Ной улыбнулся в ответ. За последние три недели совместной службы он хорошо узнал Бернекера.
— Теперь уже осталось немного, — успокоил его Ной.
— А как ты себя чувствуешь? — спросил его Бернекер.
— Хорошо.
— Я бы отдал закладную на восемьдесят акров земли моего отца в обмен на твой желудок, — сказал Бернекер.
По воде разнесся смешанный гул усиленных рупорами голосов. Баржа резко повернула и, набрав скорость, устремилась к берегу. Ной прижался к мокрому стальному борту, готовый спрыгнуть с баржи, как только опустят трап. Волны все сильнее били о корпус несущейся вперед баржи. «Может быть, — подумал Ной, — в лагере меня ждет телеграмма от Хоуп, извещающая, что все уже позади. Когда-нибудь потом я усядусь рядом с сыном и скажу ему: „В тот день, когда ты родился, я высаживался на берег Англии с двадцатью фунтами тола в руках“».
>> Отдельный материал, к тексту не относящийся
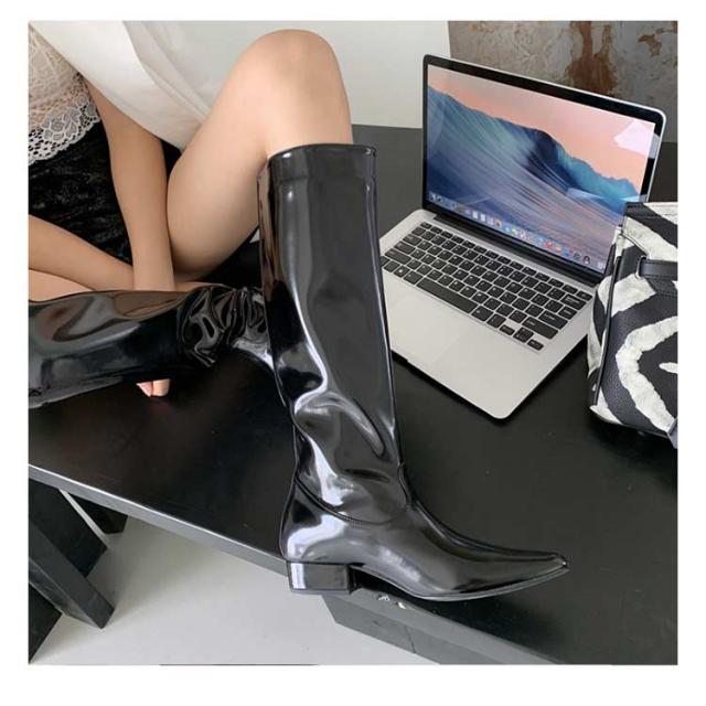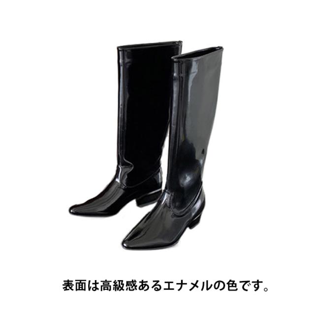 | 膝(ひざ)丈のロングブーツです。 スクエア型ヒールのため、履きやすいブーツです。 表面は高級感あるエナメルの色です。 | |

Ной улыбнулся. «Было бы, конечно, лучше в это время быть рядом с Хоуп, — размышлял он, — но нет худа без добра. Здесь мы настолько заняты, что для тревожных мыслей почти не остается времени. Мне не придется нервно шагать по коридору, не вынимая изо рта сигареты, не придется прислушиваться к ее крикам. Пусть это эгоистично, но во всем этом есть несомненные преимущества».
Баржа зашуршала по гладкому дну, и секундой позже опустился трап. Ной спрыгнул и, чувствуя, как снаряжение сильно хлопает по спине и по бокам, а поверх краг льется холодная вода, быстро выскочил на берег, добежал до небольшого холмика и залег под его укрытием. Другие солдаты, выбравшись из воды, быстро рассредоточились, ныряя в ямки или прячась за низкорослыми кустиками. Стрелки открыли огонь по доту, расположенному на небольшом утесе, нависшем над берегом шагах в ста. Солдаты подрывной команды осторожно подползли к колючей проволоке, заложили заряды и побежали обратно. Подрывные заряды взорвались, и острый запах тола смешался с ароматным, плотным запахом дыма поставленной самолетом завесы.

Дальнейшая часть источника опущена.